If someone gets access to your sensitive data, you don't want them to see that data in clear text or in a usable format. You want them to see an encrypted mess like the following:


On the other hand, you want approved people to have access to the clear text data so that it's usable and they can do their job.

So that's the principle - the data should be visible in clear text for approved users and viewable encrypted for non-approved users.

As an additional consideration, we use encryption when we want to be able to encrypt and decrypt the data. If we only want to render the data unreadable, we use hashing which is a one-way cryptographic function. I'll mention password storage later. 

So what do we see in practice, what does it mean and what's our stance from a security perspective?

1. Disk encryption

All the contents on the hard disk are encrypted. A password is used to decrypt the disk or the data can be decrypted in real time on access but essentially, during use of the system all data is available in the clear. The real value of this type of encryption is for media which contains sensitive or private data and is located in insecure environments.

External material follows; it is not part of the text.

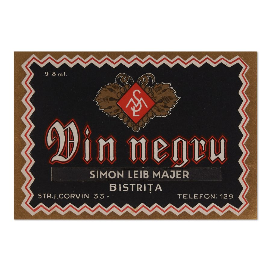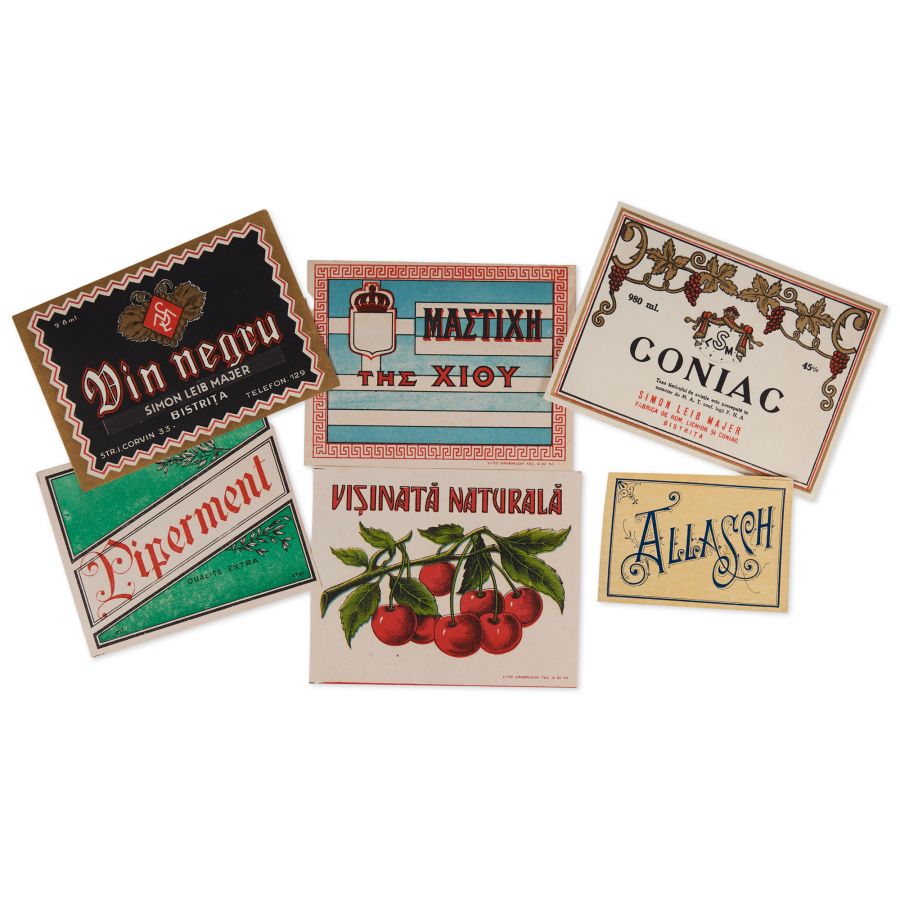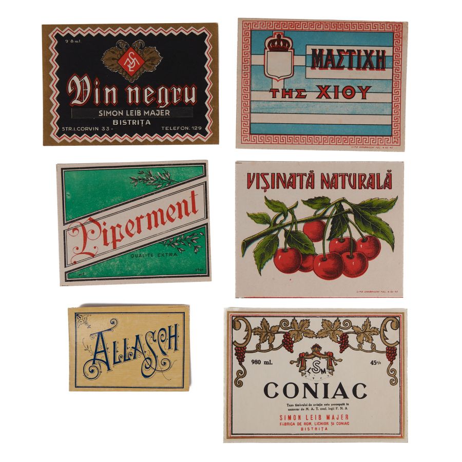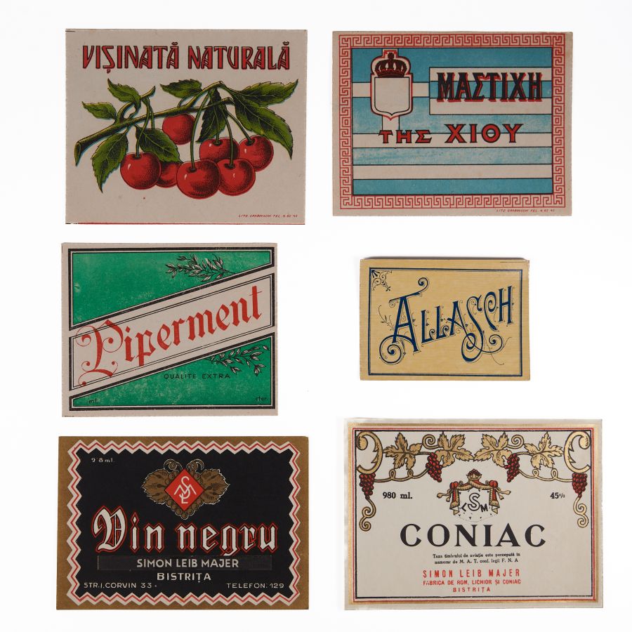 Colecție de șase etichete pentru băuturi alcoolice, printre care coniac și vin negru produse de Simion Leib Majer, Allasch, vișinată naturală, The Xioy, Piperment.

Scenario 1: Disk encryption on a laptop. Your laptop is stolen and the criminal cannot get access to any sensitive data on the disk as it's encrypted using a strong algorithm and the key is also somehow protected on the disk so this is also inaccessible - perfect win!

Scenario 2: Disk encryption on a SAN disk array in a highly secure data centre. The primary control here is the physical security controls in the data centre - disk encryption in this scenario provides little additional security. If the SAN is in a physically shared environment or in unlocked cabinets, there is some additional physical security risk so you could consider locks and/or cages.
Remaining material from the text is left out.